Cette réglementation s’applique à toutes les nationalités, aucun visa ne pourra être obtenu à l’arrivée en Egypte.
New regulations on visas

A date from the 15 may 2015, please note that any person wishing to Go in egypt will have to get his visa before departure.

This regulation applies to all nationalities, no visas can be obtained at the arrival In egypt.


----------



## hurghadapat

Gounie said:


> This has been posted on the Facebook page of the Consulat d'Egypte a Paris:
> 
> https://www.facebook.com/permalink....295541&id=151371501623212&fref=nf&pnref=story
> 
> Nouvelle réglementation en matière de visas
> 
> A dater du 15 mai 2015, nous vous prions de noter que toute personne désirant se rendre en Egypte devra obtenir son visa avant le départ.
> 
> Cette réglementation s’applique à toutes les nationalités, aucun visa ne pourra être obtenu à l’arrivée en Egypte.
> New regulations on visas
> 
> A date from the 15 may 2015, please note that any person wishing to Go in egypt will have to get his visa before departure.
> 
> 
> 
> This regulation applies to all nationalities, no visas can be obtained at the arrival In egypt.



Hopefully you will be able to do it online,also it will put a stop to tourists being ripped off well and truly at the airport.


----------



## canuck2010

Seems like a hassle, though perhaps to cut down on refugees entering the county?


----------



## solost1992

I've always got my visa at Cairo airport. It was a lot cheaper there than in Paris at the Egyptian Embassy.


----------



## Helen Ellis

UPDATED: Egypt to require pre-obtained visas for foreigners of any nationality - Politics - Egypt - Ahram Online


----------



## Helen Ellis

Reading various conversation it seems that the visa will cost 75 euros, considerably more than at present and a lot for a family of 4. This on top of the shorter visa extensions available now is making Egypt a far less attractive place to buy your holiday home in, especially if you intend to rent it out to cover maintenance costs for example.


----------



## solost1992

For the last several visits, I did not have to buy a visa since I am married to an Egyptian. Does anyone know how this will affect people like me? Will I have to now have a visa or can I still enter without one?


----------



## Phil-H

I know it's still early days yet, but has anyone any clearer indication what the cost might be, only the Egyptian embassy in the UK is still showing what I think is the old price.

Check the first link below for information on what is required and then check item #4 for a link to download the visa application form.

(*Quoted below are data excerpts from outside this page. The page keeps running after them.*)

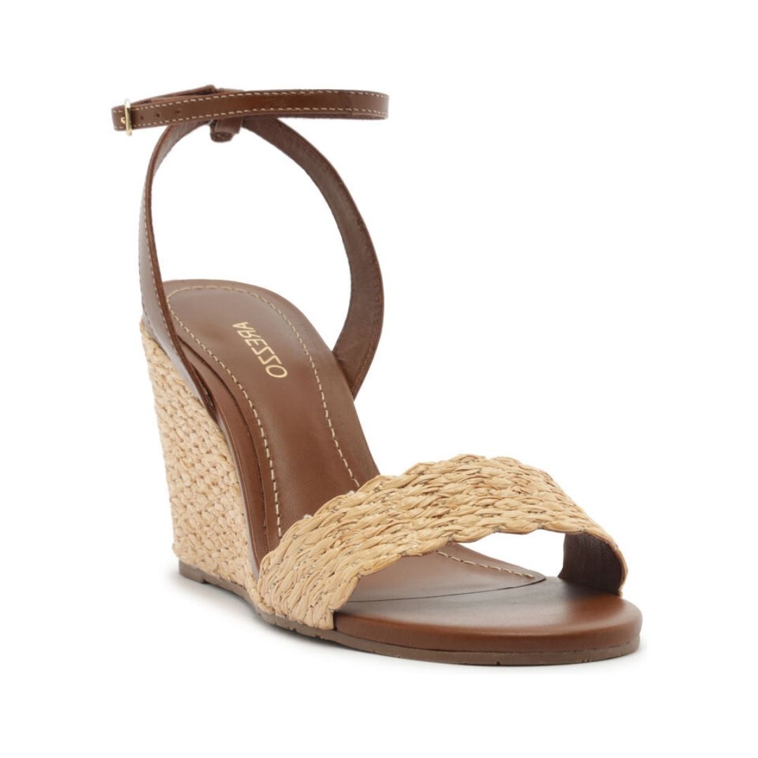Arezzo Sandália Marrom Couro Salto Anabela Palha
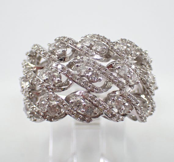 White Gold Diamond Anniversary Ring - Unique Wide Bridal Wedding Band - GalaxyGems Fine Jewelry Gift
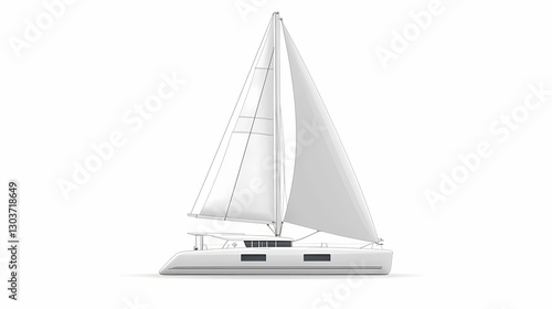 White catamaran sailboat on white background. Journey - Path. Illustration
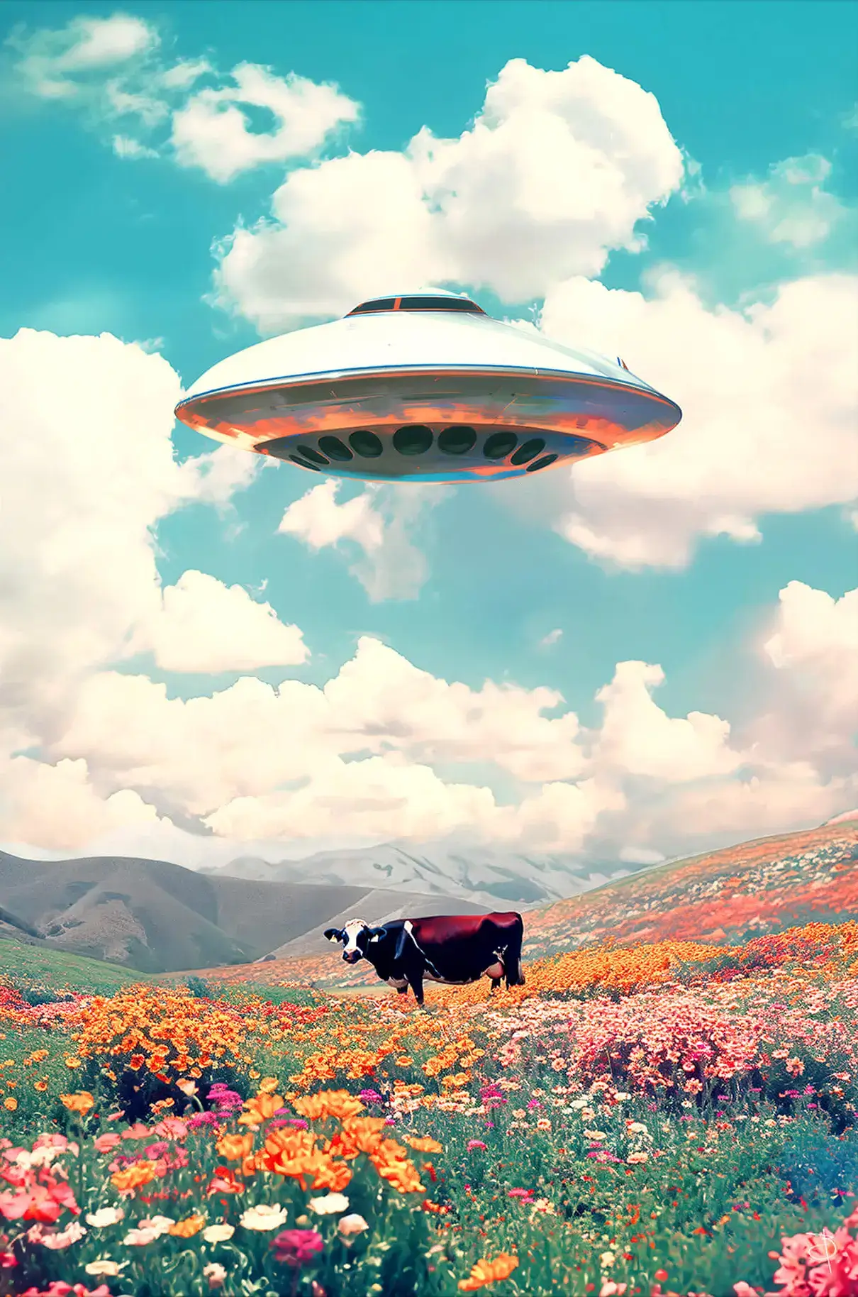 The cow’s calm expression contrasts with the strange presence of the UFO, blending everyday life with fantastical elements. The soft colors and tranquil setting draw the viewer into a surreal world where nature and extraterrestrial life collide, making this artwork a playful yet intriguing exploration of the unknown.
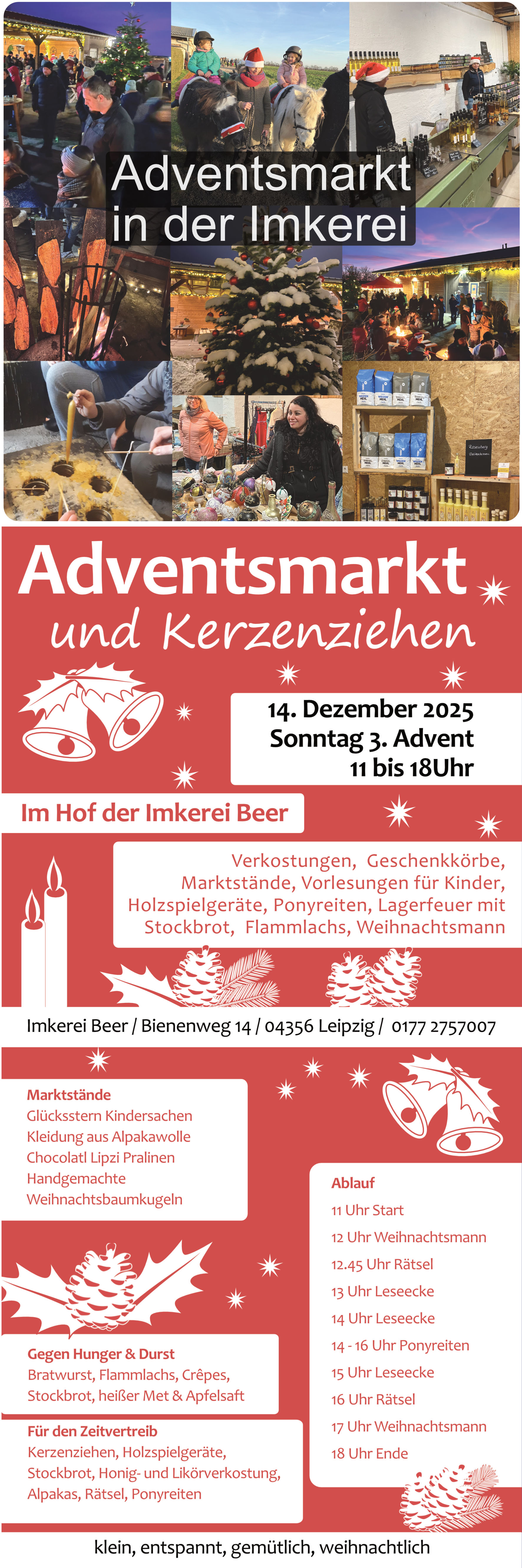 Unseren beliebten Adventsmarkt werden wir wie gewohnt beibehalten und nichts wesentliches verändern. Es bleibt klein, gemütlich und weihnachtlich. Wir freuen uns auf Euch. Liebe Grüße die Imkerfamilie Beer

Consulate General of the Arab Republic of Egypt in UK - EgyptianConsulate.co.uk

Application form can be downloaded from the link below.
http://www.egyptianconsulate.co.uk/forms/visa.pdf

Fees at bottom of the page in this link.
Consulate General of the Arab Republic of Egypt in UK - EgyptianConsulate.co.uk

For UK citizens. (Tourist Visa's)
Single trip = £20 (I am assuming this is for just a one-off visit)

Multiple trip = £32 (which is what most people will want if returning within the 180 day period)

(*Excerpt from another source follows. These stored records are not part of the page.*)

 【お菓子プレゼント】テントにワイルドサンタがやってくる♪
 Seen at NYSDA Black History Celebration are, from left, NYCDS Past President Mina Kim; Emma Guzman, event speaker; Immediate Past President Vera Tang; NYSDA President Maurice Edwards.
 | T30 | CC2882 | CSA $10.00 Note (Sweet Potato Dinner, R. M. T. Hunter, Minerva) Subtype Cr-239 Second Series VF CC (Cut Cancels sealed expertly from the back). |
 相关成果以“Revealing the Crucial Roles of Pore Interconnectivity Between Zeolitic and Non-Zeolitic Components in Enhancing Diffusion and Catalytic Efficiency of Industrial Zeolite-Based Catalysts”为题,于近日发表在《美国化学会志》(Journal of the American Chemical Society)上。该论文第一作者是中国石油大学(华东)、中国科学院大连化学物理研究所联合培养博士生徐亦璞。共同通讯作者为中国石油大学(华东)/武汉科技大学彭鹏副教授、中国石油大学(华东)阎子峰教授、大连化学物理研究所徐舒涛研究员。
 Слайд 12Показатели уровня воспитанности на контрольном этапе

Obviously this information may well change, so we will have to wait and see.

And yes, hopefully they will introduce a e-visa application, but then it can only be tied and verified by a persons passport details and number without having to supply photographs.


----------



## MaidenScotland

Phil-H said:


> I know it's still early days yet, but has anyone any clearer indication what the cost might be, only the Egyptian embassy in the UK is still showing what I think is the old price.
> 
> Check the first link below for information on what is required and then check item #4 for a link to download the visa application form.
> 
> Consulate General of the Arab Republic of Egypt in UK - EgyptianConsulate.co.uk
> 
> Application form can be downloaded from the link below.
> http://www.egyptianconsulate.co.uk/forms/visa.pdf
> 
> Fees at bottom of the page in this link.
> Consulate General of the Arab Republic of Egypt in UK - EgyptianConsulate.co.uk
> 
> For UK citizens. (Tourist Visa's)
> Single trip = £20 (I am assuming this is for just a one-off visit)
> 
> Multiple trip = £32 (which is what most people will want if returning within the 180 day period)
> 
> Obviously this information may well change, so we will have to wait and see.
> 
> And yes, hopefully they will introduce a e-visa application, but then it can only be tied and verified by a persons passport details and number without having to supply photographs.

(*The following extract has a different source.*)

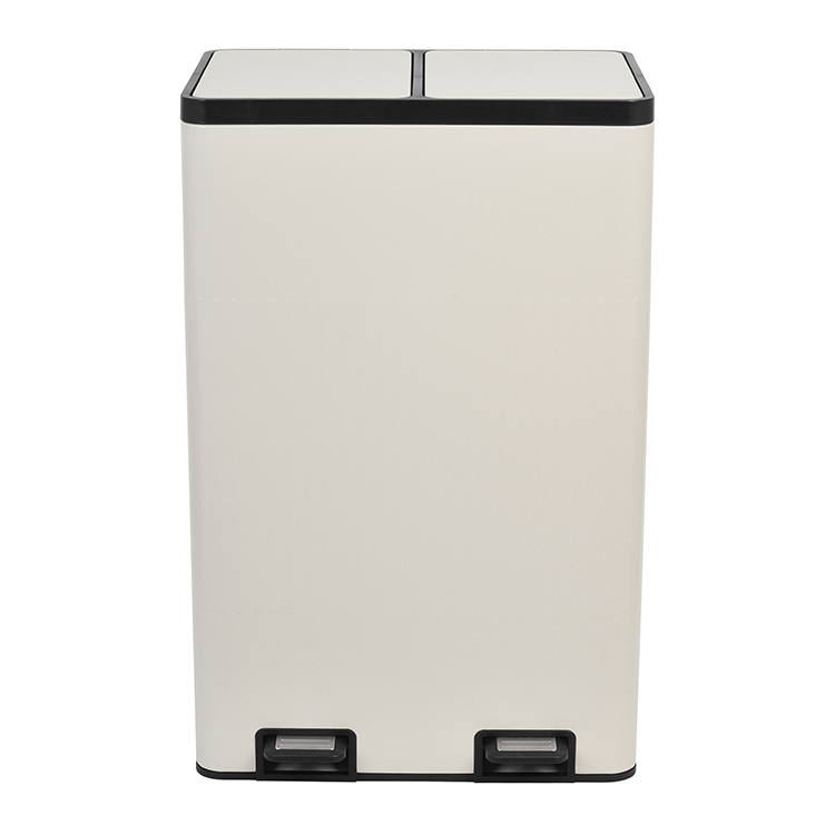| Pedalbehälter mit zwei Fächern | Edelstahl oder Kunststoff | Küche | 30L – 60L | Separate Bereiche für Recycling und Abfall |

Please do not be rely on what is written even on embassy websites. 
Multiple trip visas are difficulties to get in Cairo. I have only in the past 2 weeks got one for a member of my staff..the visa told him when it was valid from, the next day. and he had to return in 42 days. 
Wait and see is the best solution.


----------



## keithandkerry

Trying to read around this there seems to be quite a lot of confusion and uncertainty about these changes. The original announcement said that people would have to attend the consulate or embassy *in person* rather than complete the application by post, as you can just now. I've also read that it's only targeted at the US, but also seems to include EU citizens too. Sharm is exempted, but not Hurghada and the Red Sea resorts. There's also an indication that the government tried to introduce this before but withdrew it shortly afterwards, and this might happen again. It will have some affect on tourism, I would think.

I'm just hoping they don't suddenly tighten up on work visas - I have a job in Egypt starting in August and really want to come!


----------



## Phil-H

I have a feeling whereas Sharm 'used to be' exempt, (providing you did not leave the resort) I am thinking that freebie may no longer exist, and don't forget even at the moment we are still only reading the information on the Egyptian Consulate home page with what 'used to be' regulations, so how much of that will also need changing to conform with a new visa for all and everywhere regulation.


----------



## hurghadapat

Phil-H said:


> I have a feeling whereas Sharm 'used to be' exempt, (providing you did not leave the resort) I am thinking that freebie may no longer exist, and don't forget even at the moment we are still only reading the information on the Egyptian Consulate home page with what 'used to be' regulations, so how much of that will also need changing to conform with a new visa for all and everywhere regulation.



Don't think they can change the no visa policy for Sharm as some agreement was signed but can't for the life of me remember what it was exactly.


----------



## Phil-H

hurghadapat said:


> Don't think they can change the no visa policy for Sharm as some agreement was signed but can't for the life of me remember what it was exactly.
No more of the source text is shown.